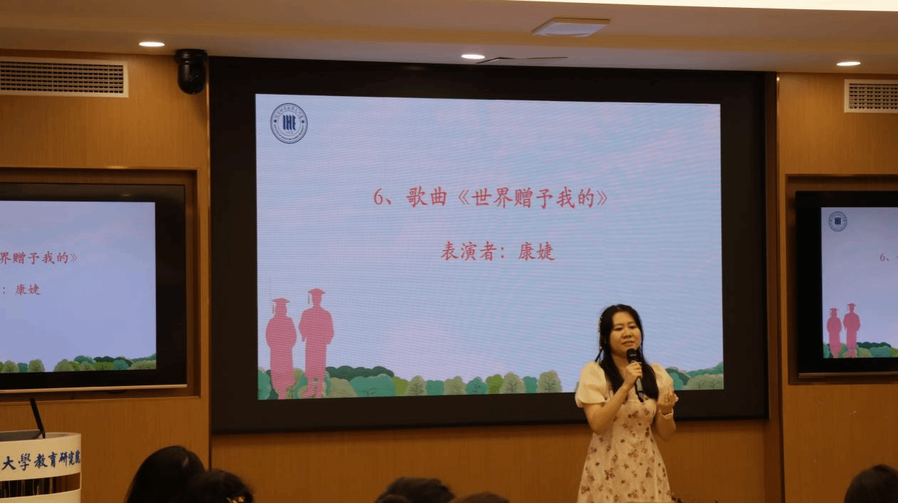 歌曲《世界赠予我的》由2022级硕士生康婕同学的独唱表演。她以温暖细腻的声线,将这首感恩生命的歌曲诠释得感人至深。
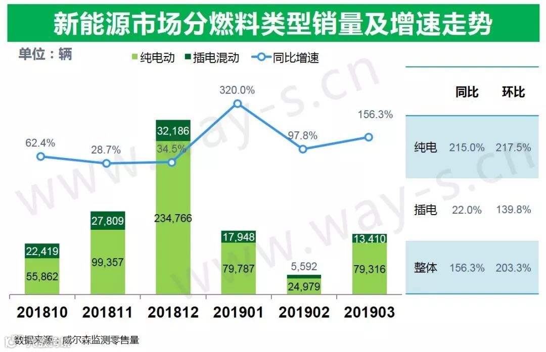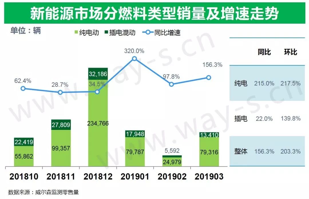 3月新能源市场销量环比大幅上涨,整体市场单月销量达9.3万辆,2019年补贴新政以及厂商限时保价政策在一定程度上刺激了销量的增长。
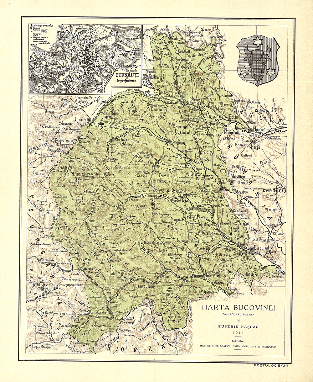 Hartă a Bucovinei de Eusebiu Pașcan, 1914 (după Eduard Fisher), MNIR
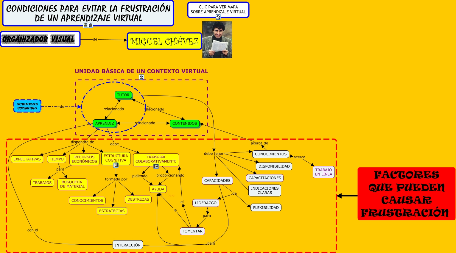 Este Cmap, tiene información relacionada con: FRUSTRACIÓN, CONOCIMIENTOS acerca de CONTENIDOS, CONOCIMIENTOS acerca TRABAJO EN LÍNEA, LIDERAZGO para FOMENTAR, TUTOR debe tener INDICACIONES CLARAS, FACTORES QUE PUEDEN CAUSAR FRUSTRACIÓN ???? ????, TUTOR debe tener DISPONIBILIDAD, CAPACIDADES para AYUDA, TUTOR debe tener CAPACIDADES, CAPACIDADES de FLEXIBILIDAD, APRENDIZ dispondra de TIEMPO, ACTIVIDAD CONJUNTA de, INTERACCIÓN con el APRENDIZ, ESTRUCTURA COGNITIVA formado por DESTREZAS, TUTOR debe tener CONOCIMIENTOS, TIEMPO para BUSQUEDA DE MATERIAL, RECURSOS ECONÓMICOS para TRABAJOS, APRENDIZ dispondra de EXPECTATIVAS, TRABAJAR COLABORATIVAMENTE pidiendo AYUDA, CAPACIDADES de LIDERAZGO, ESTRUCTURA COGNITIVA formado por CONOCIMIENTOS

--

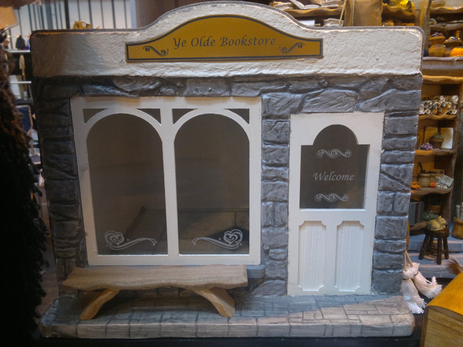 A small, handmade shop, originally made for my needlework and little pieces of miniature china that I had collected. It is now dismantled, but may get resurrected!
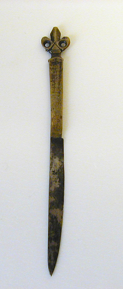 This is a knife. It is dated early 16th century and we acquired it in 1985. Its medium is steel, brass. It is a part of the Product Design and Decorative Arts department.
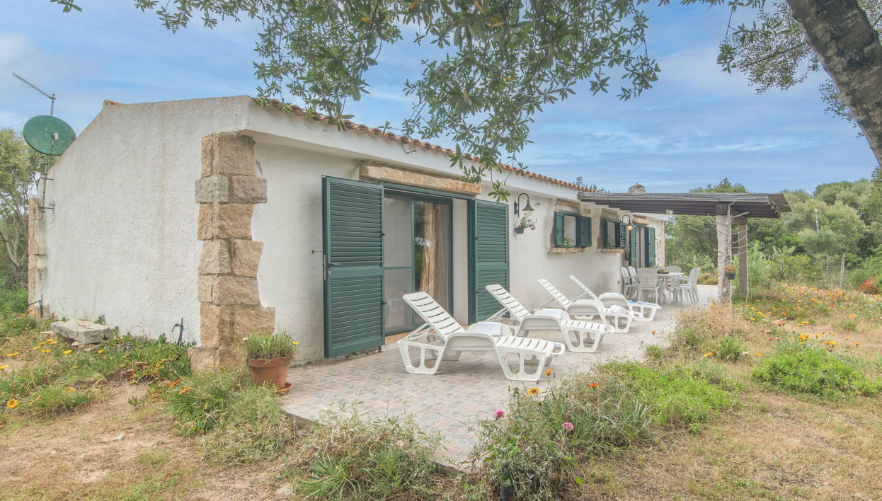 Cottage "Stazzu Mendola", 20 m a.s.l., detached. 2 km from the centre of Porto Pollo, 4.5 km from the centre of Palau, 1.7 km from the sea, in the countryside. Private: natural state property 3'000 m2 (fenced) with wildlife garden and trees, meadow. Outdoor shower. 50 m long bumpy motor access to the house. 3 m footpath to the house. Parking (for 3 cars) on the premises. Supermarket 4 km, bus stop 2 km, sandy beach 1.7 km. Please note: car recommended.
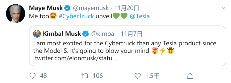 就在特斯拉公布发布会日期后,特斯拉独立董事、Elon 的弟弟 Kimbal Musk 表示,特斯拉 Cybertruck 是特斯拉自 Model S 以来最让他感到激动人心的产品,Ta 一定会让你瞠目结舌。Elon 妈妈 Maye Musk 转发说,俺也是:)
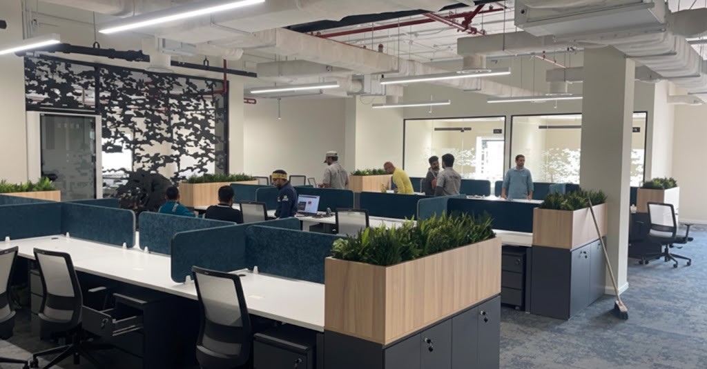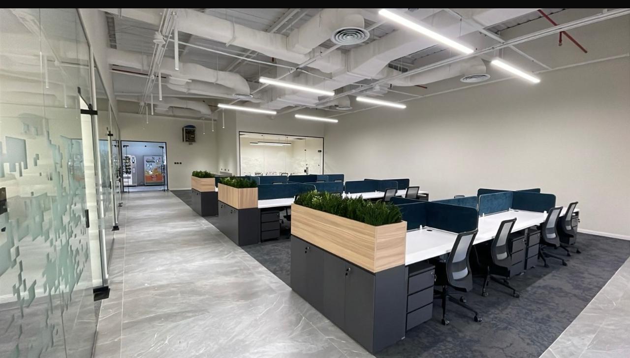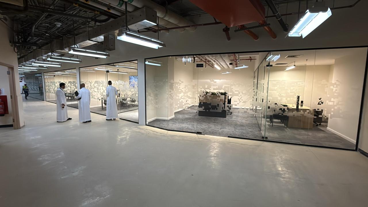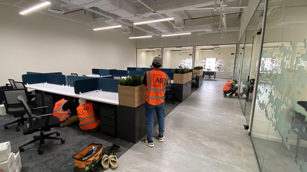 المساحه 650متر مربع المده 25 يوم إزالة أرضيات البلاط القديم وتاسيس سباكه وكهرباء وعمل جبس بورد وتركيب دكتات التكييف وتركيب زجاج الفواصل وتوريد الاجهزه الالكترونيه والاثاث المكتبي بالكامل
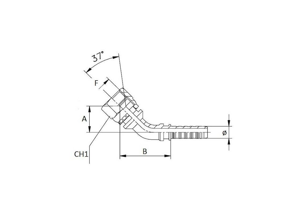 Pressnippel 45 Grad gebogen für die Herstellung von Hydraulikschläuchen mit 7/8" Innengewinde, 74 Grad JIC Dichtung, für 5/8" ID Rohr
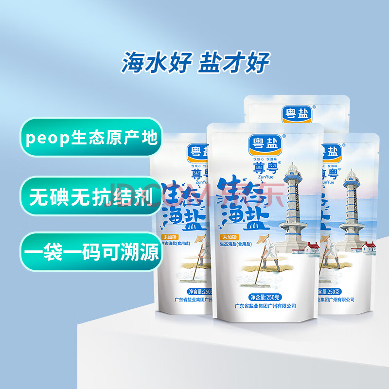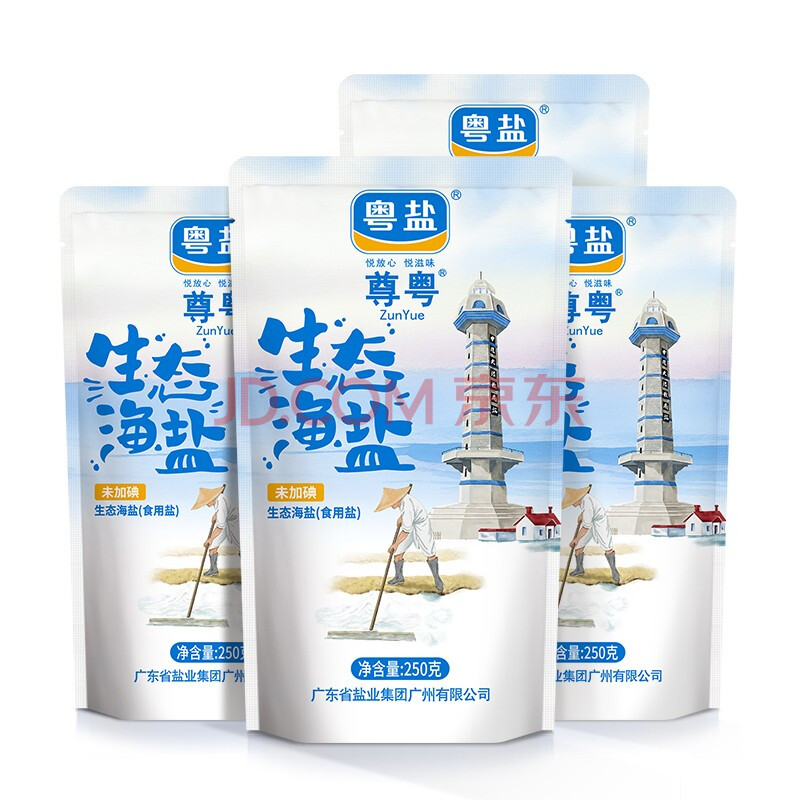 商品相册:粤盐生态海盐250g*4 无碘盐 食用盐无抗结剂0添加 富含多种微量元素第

Exercise prompt: Return, exactly as they stand, the lines above from the one with "歌曲《世界赠予我的》由202" to the one with "Hartă a Bucovinei", omitting any pictures among them.

Exercise solution:
 歌曲《世界赠予我的》由2022级硕士生康婕同学的独唱表演。她以温暖细腻的声线,将这首感恩生命的歌曲诠释得感人至深。
 3月新能源市场销量环比大幅上涨,整体市场单月销量达9.3万辆,2019年补贴新政以及厂商限时保价政策在一定程度上刺激了销量的增长。
 Hartă a Bucovinei de Eusebiu Pașcan, 1914 (după Eduard Fisher), MNIR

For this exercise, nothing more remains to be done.